Eduard does not pick up the coupons himself. "Freidank," he says, now almost voiceless with rage. "Throw this rubbish into the wastebasket."

"Wait," I say, reaching for the menu. "If we are going to pay, we are still entitled to dessert. What would you like, Gerda?
Rote grütze
or compote?"

"What do you recommend, Herr Knobloch?" asks Gerda, unaware of the drama going on inside Eduard.

Eduard makes a despairing gesture and departs. "Well then, compote!" I shout after him.

He jerks slightly and then goes on as though he were treading on eggs. Each second he expects to hear the drill sergeant's voice again. I hesitate and then decide against it, as a more effective tactic. "What's going on here all of a sudden?" Gerda asks.

"Nothing," I reply, dividing the chicken bones between us. "Nothing but a small illustration of the great Clausewitz's thesis on strategy: Attack when your opponent thinks he has won, and then at the point where he least expects it."

Gerda nods uncomprehendingly and begins to eat the compote that Freidank has rudely slapped down in front of us. I look at her thoughtfully and decide never to bring her to the Walhalla again, but from now on to follow Georg's iron rule: Never take a woman to a new place, then she won't insist on going there and won't run away from you.
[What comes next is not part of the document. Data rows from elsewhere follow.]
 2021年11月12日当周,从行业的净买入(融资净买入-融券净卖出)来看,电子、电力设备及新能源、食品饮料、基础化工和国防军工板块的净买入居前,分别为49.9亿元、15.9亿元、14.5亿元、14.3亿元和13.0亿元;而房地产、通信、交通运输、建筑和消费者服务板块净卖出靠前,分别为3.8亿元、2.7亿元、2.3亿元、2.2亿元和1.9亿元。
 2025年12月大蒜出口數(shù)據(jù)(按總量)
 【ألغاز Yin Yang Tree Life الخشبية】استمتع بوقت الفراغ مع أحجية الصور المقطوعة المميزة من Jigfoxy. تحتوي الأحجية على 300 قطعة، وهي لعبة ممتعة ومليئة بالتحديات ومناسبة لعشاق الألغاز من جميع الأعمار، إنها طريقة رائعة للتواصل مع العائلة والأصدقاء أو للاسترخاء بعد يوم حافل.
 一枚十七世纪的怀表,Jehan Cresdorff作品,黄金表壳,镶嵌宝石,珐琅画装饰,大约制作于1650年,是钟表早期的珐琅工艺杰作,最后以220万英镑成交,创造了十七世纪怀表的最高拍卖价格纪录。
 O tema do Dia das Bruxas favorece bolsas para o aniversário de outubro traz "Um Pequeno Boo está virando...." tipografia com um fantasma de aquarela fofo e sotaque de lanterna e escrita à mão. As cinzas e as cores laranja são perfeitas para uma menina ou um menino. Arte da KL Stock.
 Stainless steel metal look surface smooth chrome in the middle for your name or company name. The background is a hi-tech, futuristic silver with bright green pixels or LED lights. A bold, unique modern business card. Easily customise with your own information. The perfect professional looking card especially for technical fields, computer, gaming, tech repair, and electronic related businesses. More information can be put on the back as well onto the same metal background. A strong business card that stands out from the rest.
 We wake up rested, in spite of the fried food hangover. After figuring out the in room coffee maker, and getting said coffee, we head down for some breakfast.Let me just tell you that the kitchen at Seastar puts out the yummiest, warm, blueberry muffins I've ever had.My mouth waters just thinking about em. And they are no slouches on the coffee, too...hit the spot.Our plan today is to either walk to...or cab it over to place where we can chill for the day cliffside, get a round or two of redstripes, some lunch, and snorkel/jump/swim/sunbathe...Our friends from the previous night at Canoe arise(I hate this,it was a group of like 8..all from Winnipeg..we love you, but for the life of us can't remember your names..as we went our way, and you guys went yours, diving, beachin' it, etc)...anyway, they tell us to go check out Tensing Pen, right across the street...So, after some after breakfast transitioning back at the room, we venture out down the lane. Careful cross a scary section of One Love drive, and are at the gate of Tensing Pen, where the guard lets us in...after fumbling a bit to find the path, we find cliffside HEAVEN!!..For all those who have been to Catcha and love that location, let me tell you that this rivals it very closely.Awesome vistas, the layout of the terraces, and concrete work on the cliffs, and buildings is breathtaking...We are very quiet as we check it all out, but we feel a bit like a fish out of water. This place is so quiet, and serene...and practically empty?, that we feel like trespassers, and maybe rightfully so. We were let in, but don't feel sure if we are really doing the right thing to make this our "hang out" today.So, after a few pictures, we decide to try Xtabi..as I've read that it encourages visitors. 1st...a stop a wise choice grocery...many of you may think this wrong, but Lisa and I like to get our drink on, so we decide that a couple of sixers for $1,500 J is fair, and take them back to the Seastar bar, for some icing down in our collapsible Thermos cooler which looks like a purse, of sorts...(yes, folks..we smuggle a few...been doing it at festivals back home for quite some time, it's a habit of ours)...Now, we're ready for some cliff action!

It is night. I am leaning on the window sill of my room. The moon is shining, the heavy scent of lilacs drifts up from the garden. It's an hour since I came home from the Alstädter Hof. A pair of lovers flits along the street in the shadow of the moon and disappears into our garden. I do nothing about it; when you are not thirsty yourself you are generous toward others—and now the nights are irresistible. Just to prevent accidents, I have put signs on the two precious memorial crosses with the inscription "Warning! May fall! Avoid broken toes!" For some reason or other the lovers seem to prefer the crosses when the ground is wet; no doubt because they can hold onto them more firmly, although you would think the medium-sized monuments would do equally well. I had the notion of putting up another sign recommending them, but I gave it up. Sometimes Frau Kroll rises early and, for all her tolerance, she would box my ears for frivolity before I could explain to her that before the war I was a prudish fellow—a characteristic that disappeared during the defense of our beloved fatherland.

Suddenly I see a square black figure coming along through the moonlight. I freeze. It is Watzek, the horse butcher. He disappears into his house two hours ahead of time. Perhaps he has run out of nags; horseflesh is much in demand these days. I watch the window. It lights up, and Watzek's shadow wanders about. I wonder whether to tell Georg Kroll; but disturbing lovers is a thankless task and, besides, it may be that Watzek will go to sleep without noticing anything. That, however, does not seem to be happening. The butcher opens the window and stares right and left along the street. I hear him snort. He closes the shutters and after a while appears at the door with a chair in his hand, his butcher's knife in the leg of his boot. He sits down on the chair as though to await Lisa's return. I look at the clock; it is eleven thirty. The night is warm, and Watzek may sit there for hours. Lisa, on the other hand, has been with Georg for quite a while; the hoarse panting of love has already subsided. If she runs into the butcher's arms she will no doubt find some plausible explanation and he no doubt will be taken in. Just the same, it would be better if nothing happened.